Danilo: Hey guys, I’m sorry... we’re saying: blind student... blind student... we’re talking about the student’s characteristics, but he has a name!
Kátia: You’re right!
Danilo: Yes... It looks like we are ignoring that they’re people.
Kátia: So, what’s his name?
Danilo: Josué.
Denise: Let’s be careful to call him Josué!
Danilo: I’m sorry, guys, but this was bothering me!
Denise: You’re right!
(Quoted after [10], p. 203. Our translation.)
After the reflection proposed by Danilo, the prospective teachers started to try to refer to Josué by name. This is important for ensuring that they see the student as a person before paying attention to his or her physical condition.

2.5. Episode 5

After discussing the median, the prospective teachers imagined that they would work with data from the entire classroom so that the students could compare the results of the groups and reflect on the sample. The work would begin by pasting the posters with the graphs prepared by each group on the blackboard:
Danilo: I think it would be cool if we glued or hung the charts on the board. Then we could ask them to compare the differences on the results of each group and also to think about the graph of the whole classroom.
Kátia: Sure! Because on the board, it will be in a position that everyone will see! But... what about the blind student? [Apparently, Kátia forgot to refer to Josué by name.]
Danilo: Oh, yes, true!
Kátia: I’m thinking that way he won’t participate.
Priscila: Let’s think about it; what could be cool to do? Do you think you can paste the poster with the graphs on the board?
Danilo: Yes! It would be just letting him get up and touch; it would be his way of seeing.
Denise: We have to be careful to place it at a height that the student can touch and see the information of the other groups.
Kátia: But then he’s going to get up and touch one by one? [Said in a reproachful tone.]
Denise: Yes! And as each one will have already been made with subtitles in Braille, he will be able to touch each one.
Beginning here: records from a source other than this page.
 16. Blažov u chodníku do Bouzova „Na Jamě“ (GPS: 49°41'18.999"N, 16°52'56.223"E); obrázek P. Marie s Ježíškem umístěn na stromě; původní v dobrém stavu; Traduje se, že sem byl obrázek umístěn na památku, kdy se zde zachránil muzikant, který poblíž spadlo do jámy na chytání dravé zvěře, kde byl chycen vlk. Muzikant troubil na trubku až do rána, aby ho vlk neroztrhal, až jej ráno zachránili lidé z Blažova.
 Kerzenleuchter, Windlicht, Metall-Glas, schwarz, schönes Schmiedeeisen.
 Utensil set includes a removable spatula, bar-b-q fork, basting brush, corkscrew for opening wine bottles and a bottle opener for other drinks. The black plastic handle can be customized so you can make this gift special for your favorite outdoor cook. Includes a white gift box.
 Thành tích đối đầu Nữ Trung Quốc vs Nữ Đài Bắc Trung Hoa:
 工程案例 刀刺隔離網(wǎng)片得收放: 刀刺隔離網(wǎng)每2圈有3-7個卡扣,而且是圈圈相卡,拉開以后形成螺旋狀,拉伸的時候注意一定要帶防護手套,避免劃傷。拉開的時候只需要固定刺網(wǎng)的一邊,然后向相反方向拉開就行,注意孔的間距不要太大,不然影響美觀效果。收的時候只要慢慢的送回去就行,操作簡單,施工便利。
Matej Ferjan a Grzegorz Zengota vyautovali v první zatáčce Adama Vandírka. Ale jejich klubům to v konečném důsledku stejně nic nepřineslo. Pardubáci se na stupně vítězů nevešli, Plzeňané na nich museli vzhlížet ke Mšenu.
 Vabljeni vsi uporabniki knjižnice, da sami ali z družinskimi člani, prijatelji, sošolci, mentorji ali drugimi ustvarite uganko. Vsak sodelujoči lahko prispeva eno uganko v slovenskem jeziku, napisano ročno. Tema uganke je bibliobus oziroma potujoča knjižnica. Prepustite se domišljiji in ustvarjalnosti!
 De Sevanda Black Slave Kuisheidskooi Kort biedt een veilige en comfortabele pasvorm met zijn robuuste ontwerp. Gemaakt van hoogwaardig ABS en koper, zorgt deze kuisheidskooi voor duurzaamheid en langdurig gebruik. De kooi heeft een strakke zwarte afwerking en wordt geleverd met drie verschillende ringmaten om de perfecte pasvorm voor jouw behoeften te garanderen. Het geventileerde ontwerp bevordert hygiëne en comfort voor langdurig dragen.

And the autistic student too... And if other people wanted to touch the graphs too... I don’t see any problems.
(Quoted after [10], p. 143. Our translation.)
The suggestion of the students getting up to touch and analyse the graphs would allow everyone to read them, but the disturbance that would cause in the room bothered Kátia. After some conversation, the prospective teachers realised that it was no problem for everyone to get up, and so it was decided.

2.6. Episode 6

To continue the analysis of statistical data in the whole classroom, each group should receive a printed table to record the collected information. The group with Josué would have its table presented in a textured way. The prospective teachers were concerned about making sure that Josué could come to do things like the others:
Danilo: You can put his hand on the chart so he can see the number of balls too.
Isabel: He can count one of the columns and say the result aloud to the others.
Denise: Yes, he can do that.
Priscila: Since you’re thinking about Josué, will he be able to do the shoes part?
Kátia: He will! Maybe he will need his peers’ help, but he will.
Danilo: I think he will, but Giovana could have problems.
Denise: She has motor difficulties, but I think if she’s patient, she’ll be able to put the shoe there.
Danilo: And she can get help from other peers as well. This is important!
(Quoted after [10], p. 151. Our translation.)
Imagining inclusive classes led the prospective teachers to talk about the importance of students helping each other, and they identified an important idea of inclusive education, namely that everyone can help and be helped.

2.7. Episode 7

The prospective teachers imagined that the discussion of the comparison of data from the groups would close the activities related to statistics. However, Kátia felt they were missing the teacher making a formalization, a kind of closure of the content:
Kátia: Can we come up with something to formalise on the blackboard?
[...]
Danilo: Guys, this thing about formalising there... I’m thinking... when we do an activity like that, full of things to build, full of graphs, full of steps... I at least think it would be interesting for us as teachers to ask students to write what they thought, what they learned... like a self-assessment. They formalise the content in their own way so that we could know how they thought, if they understood the content... For us to evaluate them to know if they learned... Before we formalise something for them.
Kátia: I think this is cool, but at this stage of schooling, 6th grade, if you ask them to write, some will write what the mode, the arithmetic mean, and the median are... But others will talk about the paper balls. So, if we did a simple questionnaire asking: what did they understand? What is mode? What is arithmetic mean? What is median?
Denise: I think that this questionnaire … at the beginning, they will be nervous. And then, if they don’t succeed, their self-esteem goes downhill.
Kátia: Yeah... could be.
Denise: And I thought Danilo’s idea was wonderful. They will have to tie the ideas together. I think we can help... direct. Like if they say: Teacher, I don’t know what to write! We will say: Ah, write down what you have learned! What did you do? This is nice so they don’t get lost and also know what to answer. And we do not interfere in the result.
(Quoted after [10], p. 154. Our translation.)
This dialogue led the prospective teachers to think about the need for formalization for a final word from the teacher.

2.8. Episode 8

When in the end the prospective teachers were invited by Priscila to evaluate the experience of participating in the pedagogical imagination process, Denise and Kátia made the following observations:
Denise: In the part where we thought about activities, it was a matter of breaking down barriers in the mind, really. There was something I did not think about, but Danilo mentioned it, or Kátia, or Isabel. Then I thought: Wow! How could I not think of that? And the importance of sharing things too. When you put several heads together, you know?
Kátia: Yes, talking with colleagues here, at various moments I deconstructed many things that were in my mind.
(Quoted after [10], p. 209. Our translation.)
These comments indicate that the prospective teachers realised the importance of dialogical interaction in the process of formulating a pedagogical imagination.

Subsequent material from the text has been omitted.